§ **WHAT NEEDS TO BE DONE**
Pictures excluded, retype the lines from the one containing "Chinese Silk Long" through the last line of the data below, both included.

§ **PROVIDED ENTRIES**

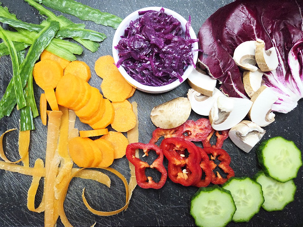 Das Gemüse für den Salat schneiden wir mundgerecht klein und bereiten daraus einen Salat zu. Für die spätere Champignon-Sauce schneiden wir die Karotten in Scheiben und vierteln die Pilze. Außerdem steht der Rotkohl bereit, den wir in einem Topf noch mit weihnachtlichen Gewürzen, wie Zimt und Sternanis, versehen und erwärmen.
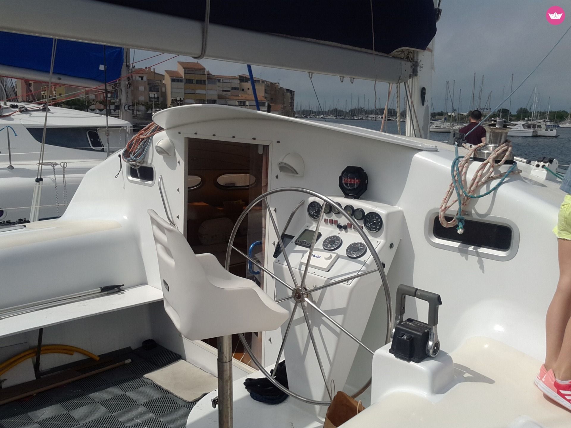 Description of jacky's catamaran , ***** Location uniquement avec capitaine ***** Bonjour, Je loue mon Soubise Glaxy ! JONATHAN est un catamaran rapide il permet donc de passer plus de temps dans de beaux mouillages. Il est simple d'utilisation avec sa grand voile lattée et son foc autovireur. Il est ideal pour 3 couples puisque il dispose de 3 cabines doubles mais on peut ajouter 2 personnes pour dormir dans le carré transformable. Pour plus de renseignements je vous invite à me contacter directement via la messagerie Catamaran Yacht Charter. À bientôt !
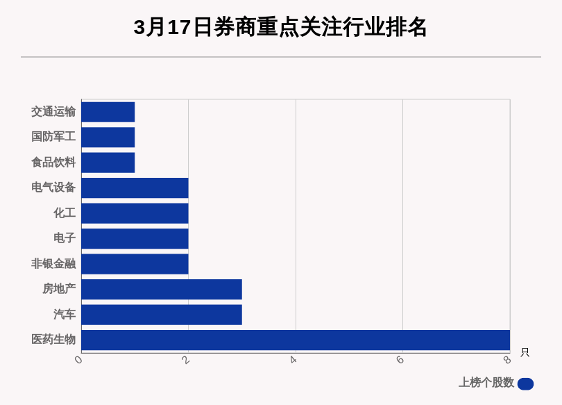 从券商对行业的关注度来看,券商关注个股数居前的行业分别是医药生物、汽车、房地产。
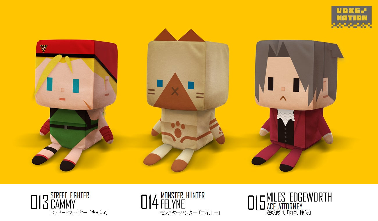 キューブ状の「ボクセル」タッチで表現された「キャミィ」や「アイルー」、「御剣 怜侍」などのぬいぐるみがラインナップされています。
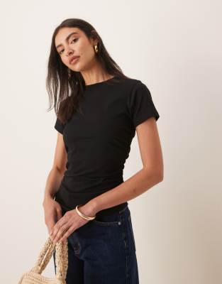 ASOS DESIGN RUCHED SIDE ASYMMETRIC T-SHIRT IN BLACK
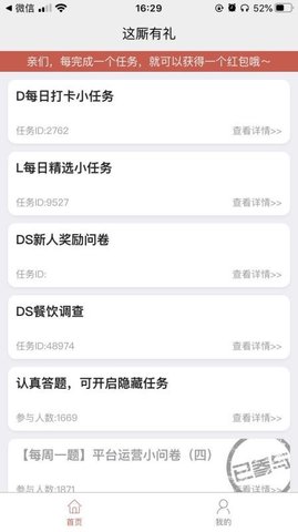 1、在首页查看最新的任务列表,点击进入感兴趣的任务,了解详细信息后进行选择。
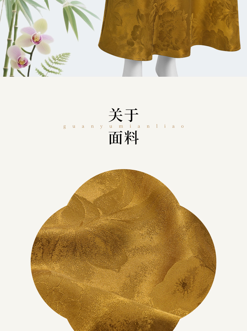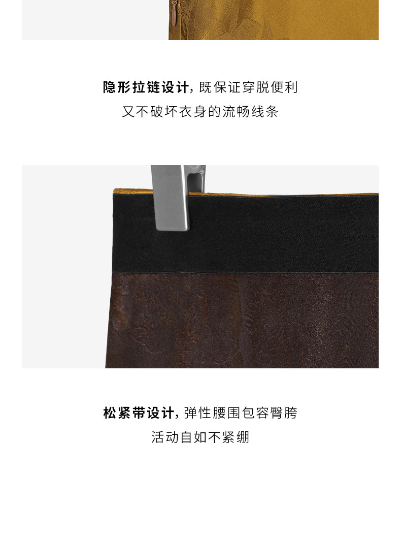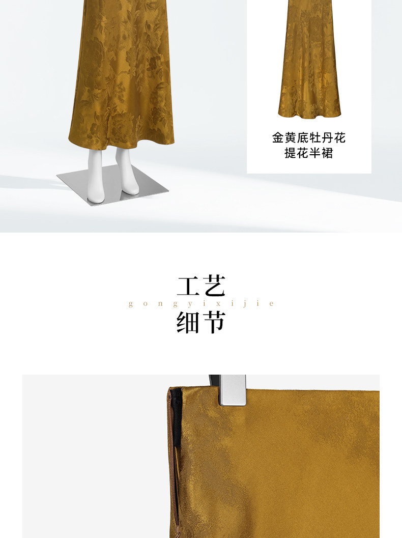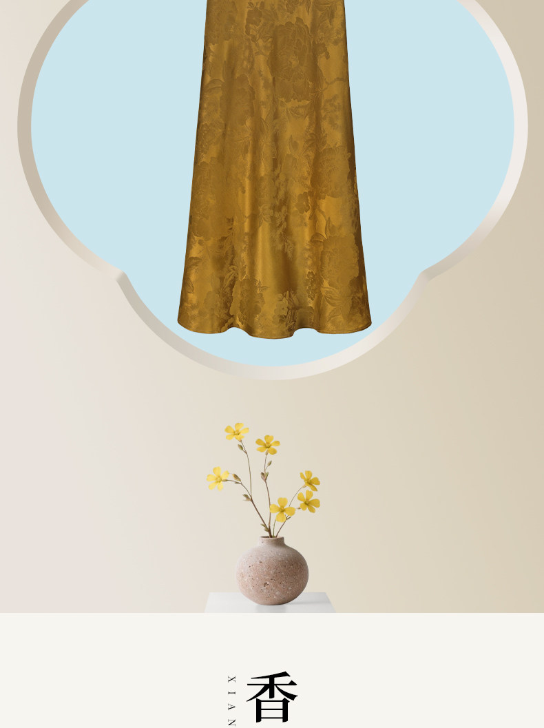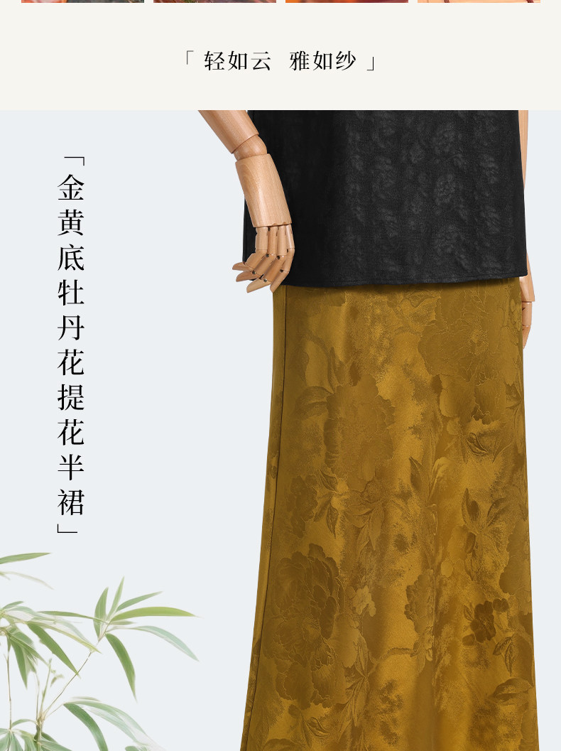 Chinese Silk Long Skirt with a Jacquard Pattern of Peonies on a Golden Background, New Chinese Style Half Skirt, National Style, Slimming Effect
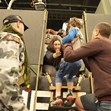 Местните жители и туристите, плюс над 100 домашни животни - 113 кучета от различни породи, три котки, заек и птица, пристигнаха с двата военни кораба в пристанището на Хейстингс, откъдето бяха закарани с автобуси до два спасителни центъра.
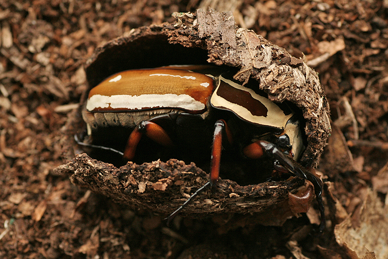 Helaas ook moeten constateren dat mijn Nigerse keverkweek mislukt is. Ik heb 6 cocons waarvan 1 zeker te weten een Nigerse kever wordt en nog 9 larven. Al het overige waren of Pachnoda's (ik heb vandaag een beetje een hekel aan die beesten) of zwarte poppen. Hoe dat komt weet ik niet, de Pachnoda's die onder dezelfde omstandigheden worden gekweekt doen het supergoed.
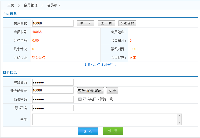 2.本操作用于會員更換新卡操作,換卡支付費用不在卡內(nèi)扣款,要收取現(xiàn)金.

§ **TASK SOLUTION**
 Chinese Silk Long Skirt with a Jacquard Pattern of Peonies on a Golden Background, New Chinese Style Half Skirt, National Style, Slimming Effect
 Местните жители и туристите, плюс над 100 домашни животни - 113 кучета от различни породи, три котки, заек и птица, пристигнаха с двата военни кораба в пристанището на Хейстингс, откъдето бяха закарани с автобуси до два спасителни центъра.
 Helaas ook moeten constateren dat mijn Nigerse keverkweek mislukt is. Ik heb 6 cocons waarvan 1 zeker te weten een Nigerse kever wordt en nog 9 larven. Al het overige waren of Pachnoda's (ik heb vandaag een beetje een hekel aan die beesten) of zwarte poppen. Hoe dat komt weet ik niet, de Pachnoda's die onder dezelfde omstandigheden worden gekweekt doen het supergoed.
 2.本操作用于會員更換新卡操作,換卡支付費用不在卡內(nèi)扣款,要收取現(xiàn)金.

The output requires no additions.